With MCMC sampling there are two estimates of the marginal inclusion probabilities: object$probne0
which are obtained by using the renormalized posterior odds from sampled models to estimate probabilities and the estimates based on Monte Carlo frequencies object$probs.MCMC
. These should be in close agreement if the MCMC sampler has run for enough iterations.
BAS
includes a diagnostic function to compare the two sets of estimates of posterior inclusion probabilities and posterior model probabilities
diagnostics(crime.ZS, type="pip", pch=16)
diagnostics(crime.ZS, type="model", pch=16)

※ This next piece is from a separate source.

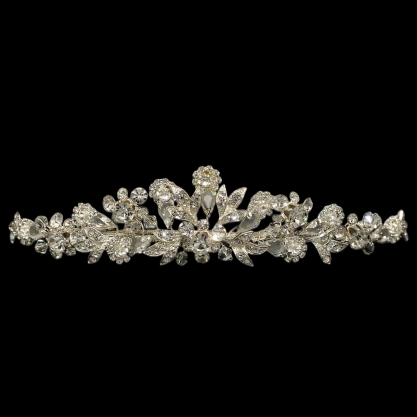 Complete your bridal look with this elegant crystal floral vine bridal tiara, a beautifully designed wedding hair accessory that adds sparkle and romance to your wedding day hairstyle. Featuring delicate crystal flowers, shimmering leaf detailing and an intricate vine design, this stunning bridal tiara catches the light from every angle for a timeless bridal finish.

In the left hand plot of pips, each point represents one posterior inclusion probability for the 15 variables estimated under the two methods. The two estimators are in pretty close agreement. The plot of the model probabilites suggests that we should use more MCMC.iterations
if we want more accurate estimates of the posterior model probabilities.
crime.ZS = bas.lm(y ~ .,
data=UScrime,
prior="ZS-null",
modelprior=uniform(),
method = "MCMC", MCMC.iterations = 10^6)
diagnostics(crime.ZS, type="model", pch=16)
BAS
includes other prior distributions on coefficients and models, as well as bas.glm
for fitting Generalized Linear Models. Some of the syntax for bas.glm and bas.lm have not converged, particularly how some of the priors are represented, so do please see the documentation for more features and details until this is updated!